─── Supplied information ───

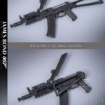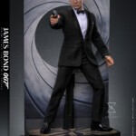 Exquisitely crafted based on Daniel Craig’s role as James Bond, the figure features a newly developed head sculpt with distinguished likeness and separate rolling eyeballs to enhance figure’s realism. The fabric costume is finely tailored to showcase James Bond’s classic gentleman appearance. Layering a black tux jacket with pocket square detail over a white dress shirt, the tux look is finished with a black bow tie and a watch. Additionally, two types of pistol and a machine gun are included to enhance the display on top of the gun barrel-themed backdrop and figure stand.
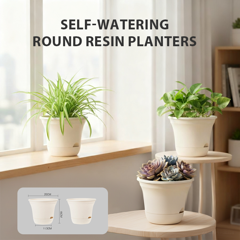 Runde Harz-Pflanzkübel mit Selbstbewässerung 💧🌿
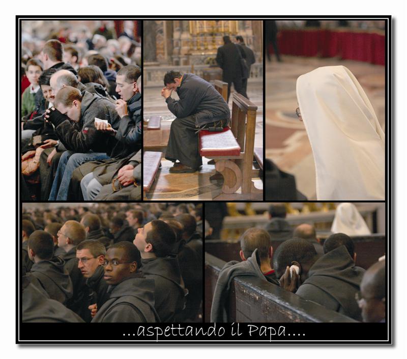 ...sono cinque foto e come dice il titolo siamo tutti in attesa del Papa... in ogni foto trovi atteggiamenti piu svariati in questa fase di attesa...c'e' chi chiacchera e ride, chi prega intensamente, chi pulisce gli occhiali, chi guada per aria, chi se guarda intorno, chi telefonaaaaa!!! .... e ce sto io che li fotografo....

───

■ Task details
Find the line with "Runde Harz-Pflanzkübel mit". Return it and each line after it through the end of the data, exactly, without pictures.

■ Problem solution
 Runde Harz-Pflanzkübel mit Selbstbewässerung 💧🌿
 ...sono cinque foto e come dice il titolo siamo tutti in attesa del Papa... in ogni foto trovi atteggiamenti piu svariati in questa fase di attesa...c'e' chi chiacchera e ride, chi prega intensamente, chi pulisce gli occhiali, chi guada per aria, chi se guarda intorno, chi telefonaaaaa!!! .... e ce sto io che li fotografo....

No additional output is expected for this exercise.